The next article was by Carl Bernstein of Watergate fame. In a long piece in Rolling Stone, he came up with the figure of 400 American journalists over the past 25 years, based primarily on interviews with Church committee staffers. This figure included stringers and freelancers who had an understanding that they were expected to help the CIA, as well as a small number of full-time CIA employees using journalism as a cover. It did not include foreigners, nor did it include numerous Americans who traded favors with the CIA in the normal give-and-take between a journalist and his sources. In addition to some of the names already mentioned above, Bernstein supplied details on Stewart and Joseph Alsop, Henry Luce, Barry Bingham Sr. of the Louisville Courier-Journal, Hal Hendrix of the Miami News, columnist C.L. Sulzberger, Richard Salant of CBS, and Philip Graham and John Hayes of the Washington Post.
...>snip<...
The reaction to Bernstein's piece among mainstream media was to ignore it, or to suggest that it was sloppy and exaggerated. Then two months later, the New York Times published the results of their "three- month inquiry by a team of Times reporters and researchers." This three-part series not only confirmed Bernstein, but added a wealth of far-ranging details and contained twice as many names. Now almost everyone pretended not to notice.
The Times reported that over the last twenty years, the CIA owned or subsidized more than fifty newspapers, news services, radio stations, periodicals and other communications facilities, most of them overseas. These were used for propaganda efforts, or even as cover for operations. Another dozen foreign news organizations were infiltrated by paid CIA agents. At least 22 American news organizations had employed American journalists who were also working for the CIA, and nearly a dozen American publishing houses printed some of the more than 1,000 books that had been produced or subsidized by the CIA. When asked in a 1976 interview whether the CIA had ever told its media agents what to write, William Colby replied, "Oh, sure, all the time."
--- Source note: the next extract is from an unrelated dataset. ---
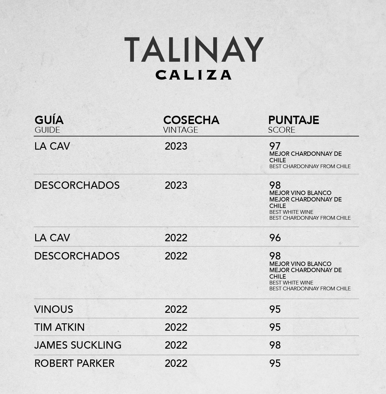 De color amarillo pálido, Caliza es un vino con gran profundidad, largo, tenso, jugoso y con nervio. Notas salinas, minerales y gran verticalidad en boca. Sin duda un vino con carácter, en el que se siente toda la fuerza del viñedo Talinay.

Since domestic propaganda was a violation of the their charter, the CIA defined the predictable effects of their foreign publications as "blowback" or "domestic fallout," which they considered to be "inevitable and consequently permissible." But former CIA employees told the Times that apart from this unintended blowback, "some CIA propaganda efforts, especially during the Vietnam War, had been carried out with a view toward their eventual impact in the United States." The Times series concluded that at its peak, the CIA's network "embraced more than 800 news and public information organizations and individuals."[15]
By the time the Times series appeared, Congress was looking for a way out of the issue. Obligingly, Stansfield Turner promised that the CIA would avoid journalists "accredited by any U.S. news service, newspaper, periodical, radio or television network or station." There were at least three problems with this that most press coverage overlooked: many stringers and freelancers are not accredited; it didn't cover any foreign-owned media; and as Gary Hart complained at the time, the new policy included a provision that allowed the CIA to unilaterally make exceptions whenever it wished.[16]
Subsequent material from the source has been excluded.